Given the simultaneous advances in both experimental and computational methods for doublet detection, we explored how they can be applied together to achieve even cleaner doublet removal. We created benchmark datasets to simulate a scenario where fewer hashes had been used by merging pairs of hashes; for example, one iteration might merge eight hashes labeled A-H to four hashes AB, CD, EF, and GH (Fig. 3, Supplementary Fig. 10). Solo was able to identify the doublets that were hidden by merging hashes together far beyond random guessing. Thus, we performed additional experiments to tune how the orthogonal predictions were combined to produce a final doublet annotation. We tested linear combinations of the predictions across mixing coefficients (Supplementary Fig. 11). For most datasets, a combined prediction achieved greater accuracy than the experimental or computational predictions alone (Fig. 3, Supplementary Fig. 11). Several attempted pipelines to train Solo on the experimental doublet annotations did not improve results, but more effective joint training schemes may yet exist.
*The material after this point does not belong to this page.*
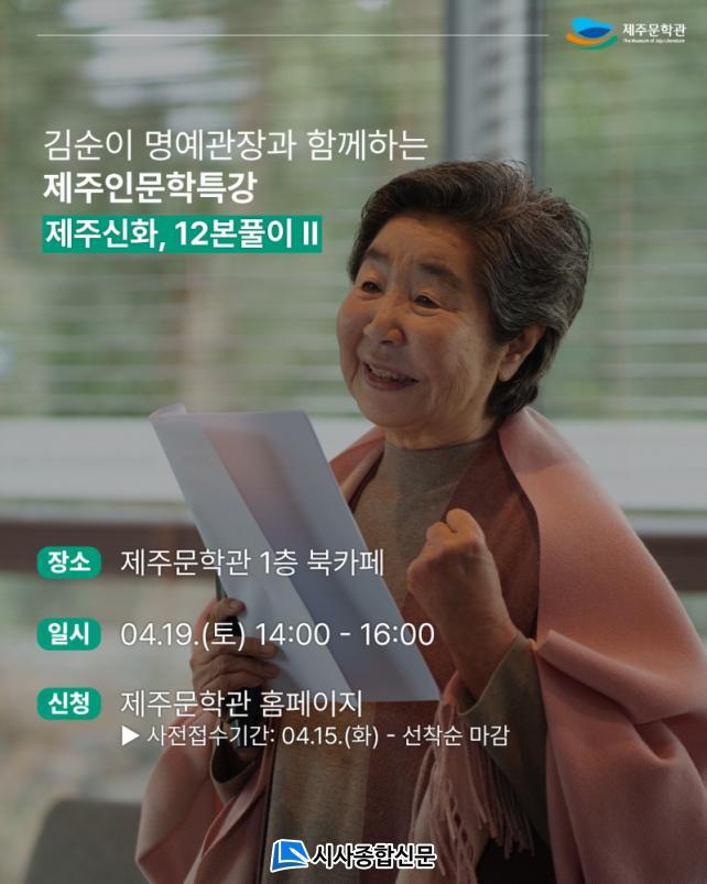 À̹ø Ư°Àº ±è¼øÀÌ ¸í¿¹°üÀåÀÇ Àú¼ ¡®Á¦ÁÖ½ÅÈ¡¯¸¦ ¹ÙÅÁÀ¸·Î ÇÑ ÀúÀÚ Á÷°À¸·Î, Áö³ 2¿ù 22ÀÏ ÁøÇàµÈ ¡®Á¦ÁÖ½ÅÈ, 12º»Ç®ÀÌ¡¯ °¿¬ÀÇ ÈÄ¼Ó ÇÁ·Î±×·¥ÀÌ´Ù.

In this work, we introduced a novel computational approach for doublet detection called Solo that uses a semi-supervised deep neural network model to represent and classify cells. Solo outperformed existing computational methods for this task on a variety of cell line and tissue datasets with experimental doublet annotations. Computational doublet removal with hashing and Solo reduces costs by enabling high concentration loading in single cell experiments without loss of confidence in downstream analysis and interpretation (Supplementary Fig. 1). Thus, we expect Solo to play a key role in scRNA-seq data processing. Source code is available open source from https://www.github.com/calico/Solo.
2 Methods
2.1 Solo overview
Computational doublet detection methods assume that most cells in an experiment are singlets and one can estimate a view into the doublet population by generating simulated doublets in silico from the observed data. Previous methods and ours operate in three phases: (1) doublet simulation, (2) cell embedding, (3) classifier training.
2.1.1 Doublet simulation
Previous methods simulate doublets by taking the mean or sum of putative singlet profiles [12, 13]. Here, we introduce a procedure to generate a greater diversity of in silico doublets. We similarly form the mean profile of two cells, but use it to parameterize a multinomial distribution, from which we sample a count vector. We expose the sampling depth as an option, but default to depth equal to the sum of the two chosen cells. Repeating this procedure, we generate Nd in silico doublets. In the machine learning exercise to follow, we fit models to differentiate these in silico doublets from the observed data. We chose defaults for doublet depth and number Nd based on test set accuracy on the benchmark datasets (Supplementary Fig. 12).
2.1.2 Cell embedding
Gene expression exists on a low dimension manifold, and standard downstream processing of scRNA-seq exploits this to embed cells with matrix factorization or nonlinear methods. Previous doublet identification methods apply a linear method, PCA to represent cells [12, 13]. Considerable research on scRNA-seq methods has demonstrated significant value from nonlinear methods such as those produced by deep neural networks trained unsupervised as autoencoders [20, 19, 27]. Here, we applied the scVI method to fit a variational autoencoder (VAE) to the observed data [20]. Briefly, VAEs learn a neural network map q(z|x) to encode cell profiles x to latent variables z and an inverse map p(x|z) to decode the latent variables back to gene expression space [28]. scVI and related single cell autoencoder methods train with stochastic gradient descent to minimize the likelihood of the original count data under a negative binomial parameterized by the decoder. Guided by a parameter sweep across the benchmark datasets (Supplementary Fig. 12), we chose the size of the latent space to be 64 and the number of encoder and decoder hidden units to be 192.
2.1.3 Classification
After embedding the cells in a latent space, previous methods apply variations of a k-NN classifier to predict doublets [12, 13]. Instead, we continue in the neural network framework of scVI and add a standard discriminative classifier to the end of the encoder. More specifically, we fit an scVI model to the observed data unsupervised. Then, we extract the encoder, append an additional hidden layer, and predict doublet status. We freeze the scVI encoder parameters and fit the additional classifier layers to the observed and simulated doublet data via stochastic gradient descent with a binary cross-entropy loss. Continuing to train the encoder weights during doublet classification led to overfitting and decreased generalization accuracy.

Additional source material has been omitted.